====== DATA IN THIS EXERCISE ======

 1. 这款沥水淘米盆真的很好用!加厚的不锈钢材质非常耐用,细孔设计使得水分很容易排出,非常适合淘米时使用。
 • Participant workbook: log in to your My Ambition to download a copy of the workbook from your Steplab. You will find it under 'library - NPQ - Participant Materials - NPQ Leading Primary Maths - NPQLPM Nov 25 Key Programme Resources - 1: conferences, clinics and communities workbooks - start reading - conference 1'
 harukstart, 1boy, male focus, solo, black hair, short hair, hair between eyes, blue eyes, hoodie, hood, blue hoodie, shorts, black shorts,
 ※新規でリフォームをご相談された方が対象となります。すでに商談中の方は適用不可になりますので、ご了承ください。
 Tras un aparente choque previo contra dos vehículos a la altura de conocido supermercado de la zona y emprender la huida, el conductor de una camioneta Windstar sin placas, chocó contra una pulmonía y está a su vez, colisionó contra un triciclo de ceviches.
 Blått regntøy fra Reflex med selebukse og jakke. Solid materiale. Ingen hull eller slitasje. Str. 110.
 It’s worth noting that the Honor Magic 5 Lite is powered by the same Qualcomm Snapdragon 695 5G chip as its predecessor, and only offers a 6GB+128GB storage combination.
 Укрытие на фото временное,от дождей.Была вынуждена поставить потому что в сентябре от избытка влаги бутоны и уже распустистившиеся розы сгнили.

======
====== DATA IN THIS EXERCISE ======

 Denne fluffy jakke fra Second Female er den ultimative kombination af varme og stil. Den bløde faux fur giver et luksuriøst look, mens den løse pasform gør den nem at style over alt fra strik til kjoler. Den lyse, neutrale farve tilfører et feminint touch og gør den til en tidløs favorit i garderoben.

======
====== DATA IN THIS EXERCISE ======

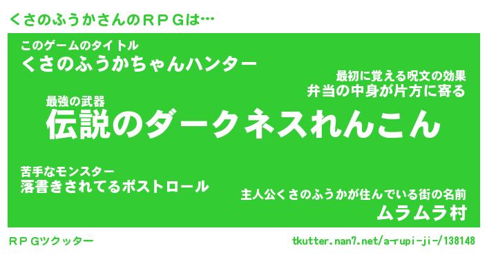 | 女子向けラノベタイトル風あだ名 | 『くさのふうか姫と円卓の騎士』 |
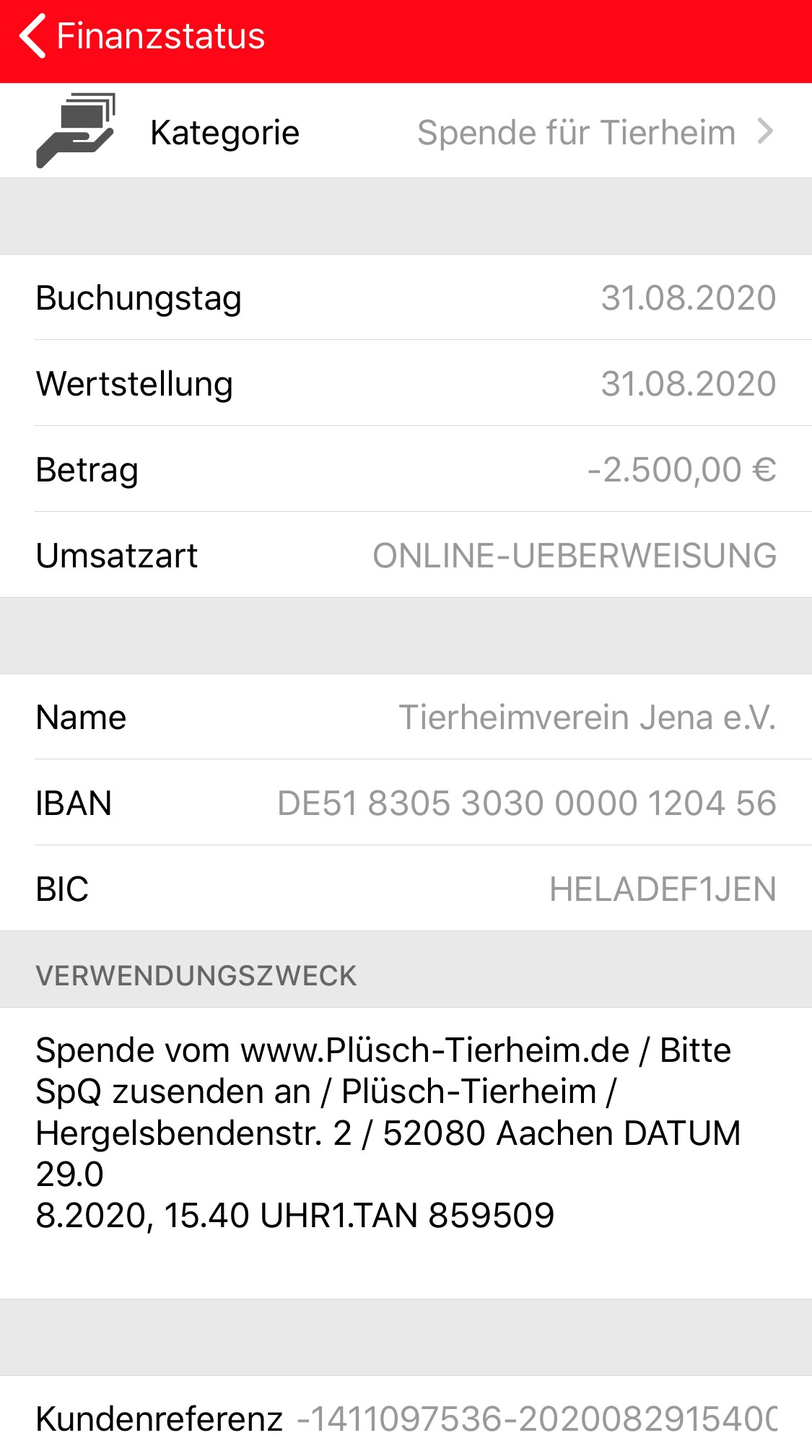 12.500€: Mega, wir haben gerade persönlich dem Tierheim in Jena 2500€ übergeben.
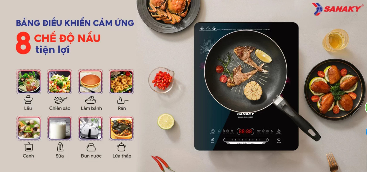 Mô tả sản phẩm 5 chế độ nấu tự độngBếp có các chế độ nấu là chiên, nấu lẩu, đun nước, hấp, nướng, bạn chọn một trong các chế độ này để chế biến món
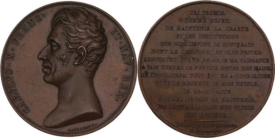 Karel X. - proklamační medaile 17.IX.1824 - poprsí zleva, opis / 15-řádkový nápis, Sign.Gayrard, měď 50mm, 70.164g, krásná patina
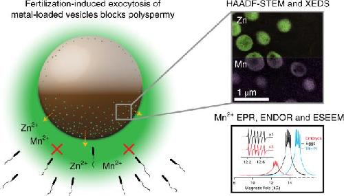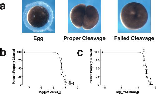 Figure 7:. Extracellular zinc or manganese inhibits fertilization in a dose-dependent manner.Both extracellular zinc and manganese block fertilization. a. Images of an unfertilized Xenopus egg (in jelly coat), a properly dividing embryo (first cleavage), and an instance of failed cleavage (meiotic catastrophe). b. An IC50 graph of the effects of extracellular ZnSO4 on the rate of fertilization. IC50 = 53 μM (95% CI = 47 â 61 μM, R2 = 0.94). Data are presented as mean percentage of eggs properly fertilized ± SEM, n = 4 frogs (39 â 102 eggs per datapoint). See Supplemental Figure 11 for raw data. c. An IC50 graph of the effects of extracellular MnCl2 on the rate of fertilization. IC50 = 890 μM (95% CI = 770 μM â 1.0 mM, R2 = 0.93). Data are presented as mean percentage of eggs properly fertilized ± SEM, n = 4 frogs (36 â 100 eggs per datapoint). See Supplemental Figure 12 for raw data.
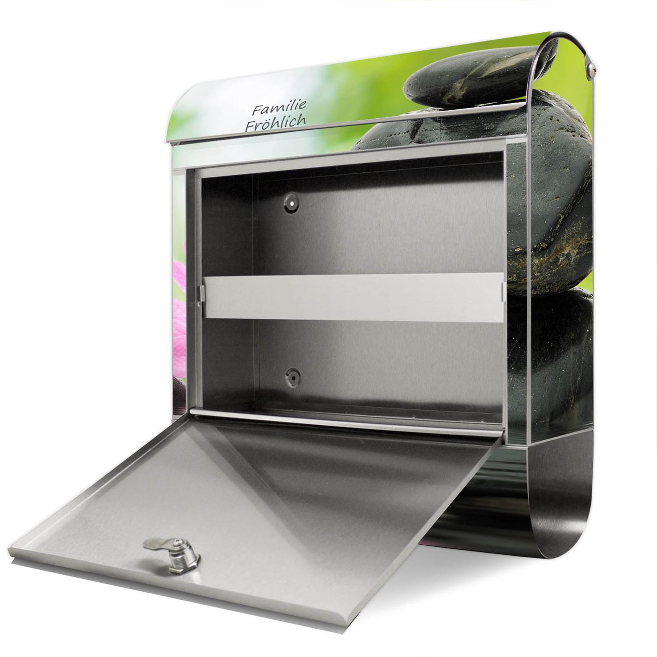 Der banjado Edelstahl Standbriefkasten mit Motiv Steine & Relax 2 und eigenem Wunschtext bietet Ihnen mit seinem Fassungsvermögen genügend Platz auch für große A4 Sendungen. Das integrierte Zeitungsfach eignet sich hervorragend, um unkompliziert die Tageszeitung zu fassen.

======

**TASK DETAILS**
Across all the records above, find each line with "jakke" in it and copy it.

**RESPONSE TO THIS TASK**
 Blått regntøy fra Reflex med selebukse og jakke. Solid materiale. Ingen hull eller slitasje. Str. 110.
 Denne fluffy jakke fra Second Female er den ultimative kombination af varme og stil. Den bløde faux fur giver et luksuriøst look, mens den løse pasform gør den nem at style over alt fra strik til kjoler. Den lyse, neutrale farve tilfører et feminint touch og gør den til en tidløs favorit i garderoben.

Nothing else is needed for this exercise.